TASK
The lines in the listing below are to be given again exactly, starting at the line holding "Törende saygı duruşu" and ending at the line holding "اللهم ارحم ( الحاج". Do not include pictures.

DATA FOR ANALYSIS

■ ■ ■ ■ ■

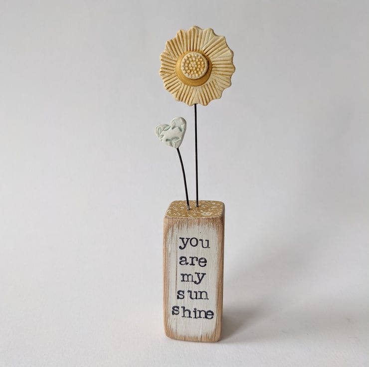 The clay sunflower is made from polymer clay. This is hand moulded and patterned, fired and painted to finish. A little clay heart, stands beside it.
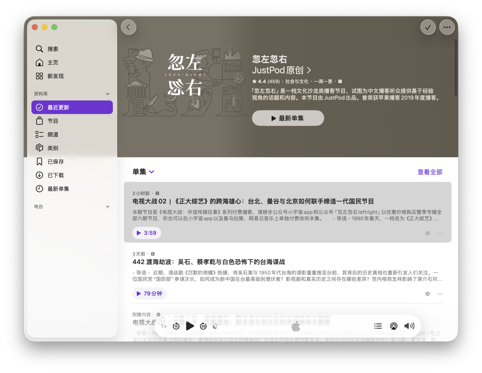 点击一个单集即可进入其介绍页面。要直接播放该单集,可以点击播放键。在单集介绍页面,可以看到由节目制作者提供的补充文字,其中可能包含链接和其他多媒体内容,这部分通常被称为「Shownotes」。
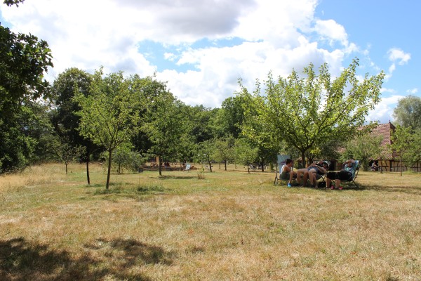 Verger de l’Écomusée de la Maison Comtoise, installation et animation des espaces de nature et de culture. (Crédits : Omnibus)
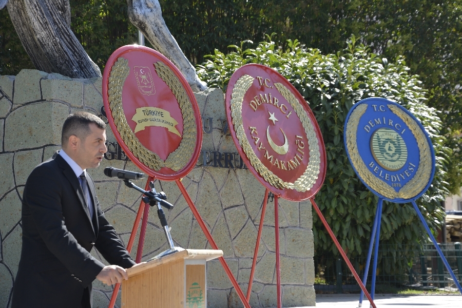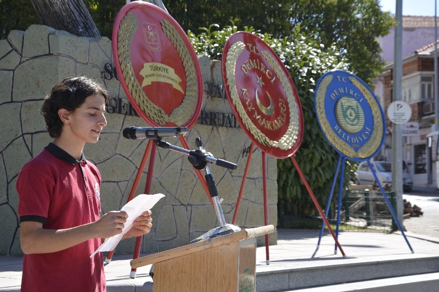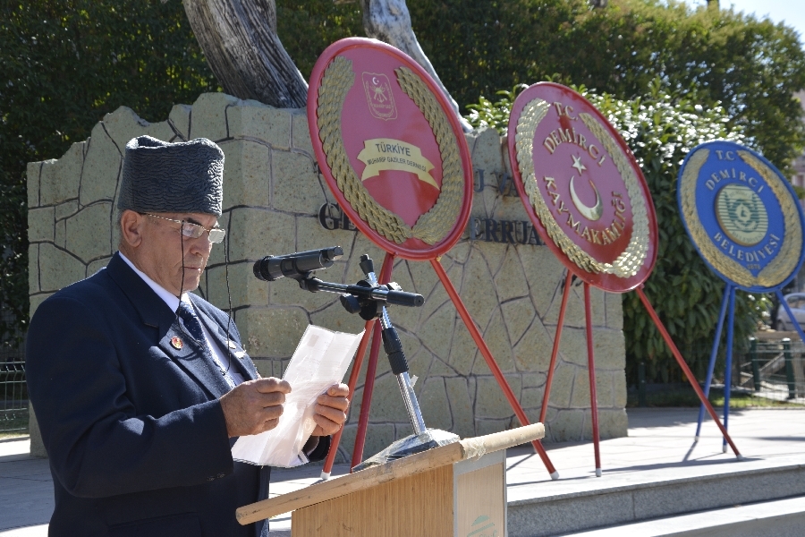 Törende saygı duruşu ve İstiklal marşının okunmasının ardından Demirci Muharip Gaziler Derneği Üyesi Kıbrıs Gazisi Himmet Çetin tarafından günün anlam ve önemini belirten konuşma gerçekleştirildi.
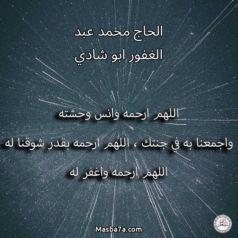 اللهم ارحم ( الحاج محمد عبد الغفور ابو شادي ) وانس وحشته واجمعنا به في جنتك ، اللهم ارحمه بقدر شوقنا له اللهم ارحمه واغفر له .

■ ■ ■ ■ ■

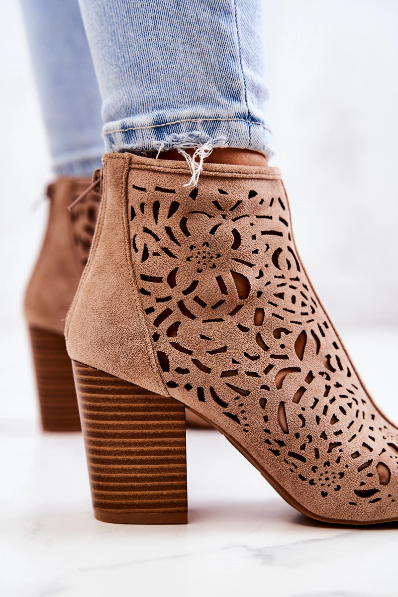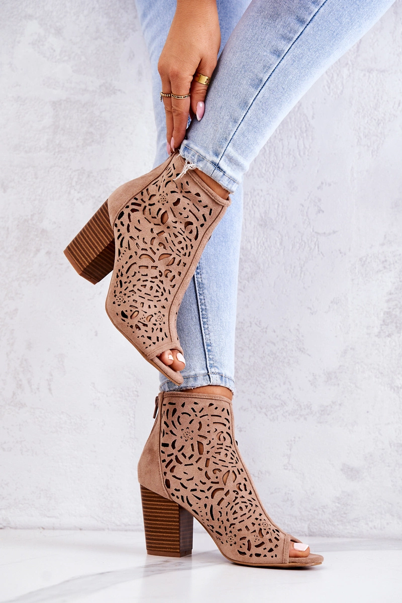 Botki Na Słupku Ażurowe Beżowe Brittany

■ ■ ■ ■ ■

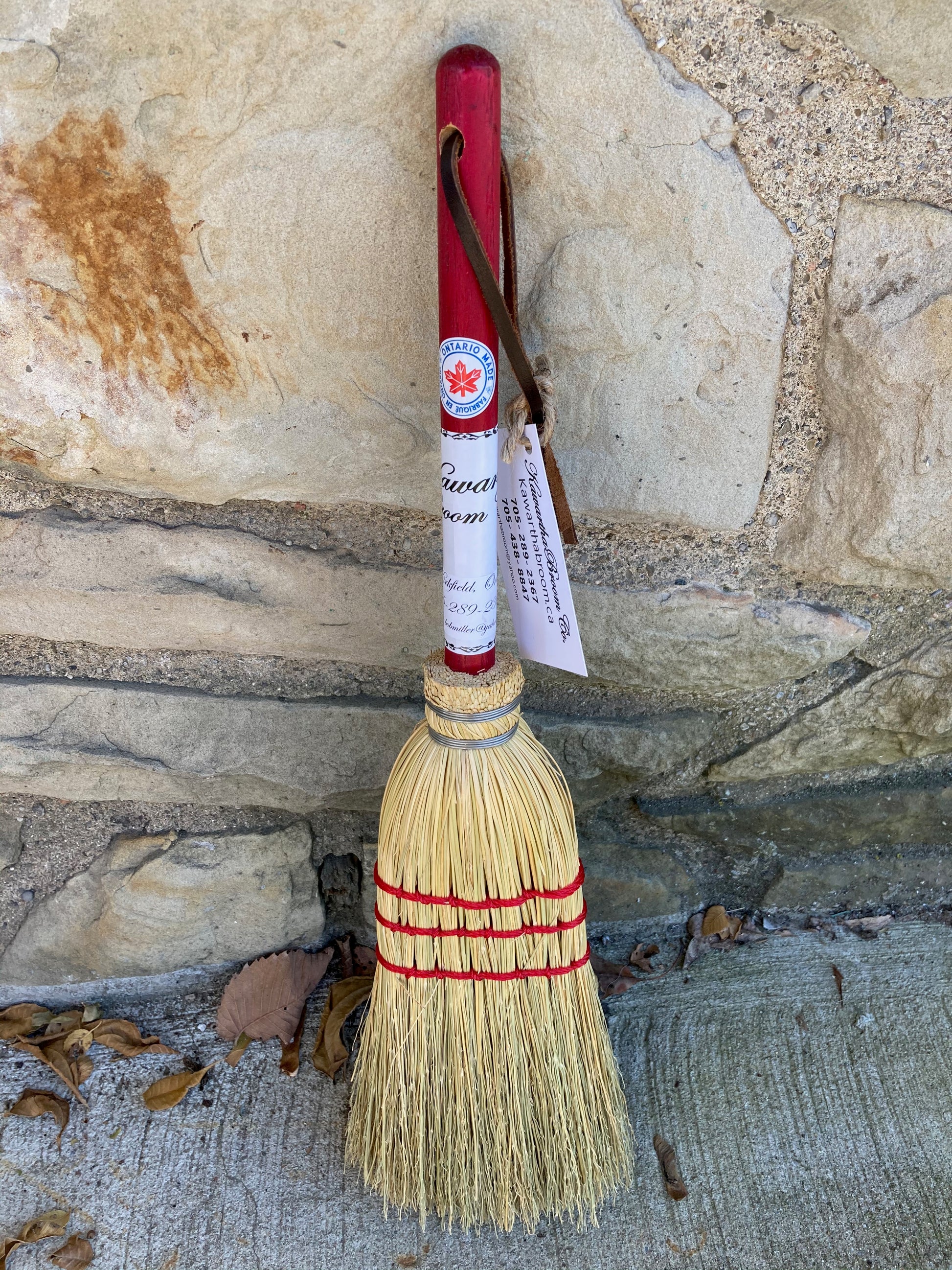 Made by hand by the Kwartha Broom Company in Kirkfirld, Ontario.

■ ■ ■ ■ ■

EXERCISE SOLUTION
 Törende saygı duruşu ve İstiklal marşının okunmasının ardından Demirci Muharip Gaziler Derneği Üyesi Kıbrıs Gazisi Himmet Çetin tarafından günün anlam ve önemini belirten konuşma gerçekleştirildi.
 اللهم ارحم ( الحاج محمد عبد الغفور ابو شادي ) وانس وحشته واجمعنا به في جنتك ، اللهم ارحمه بقدر شوقنا له اللهم ارحمه واغفر له .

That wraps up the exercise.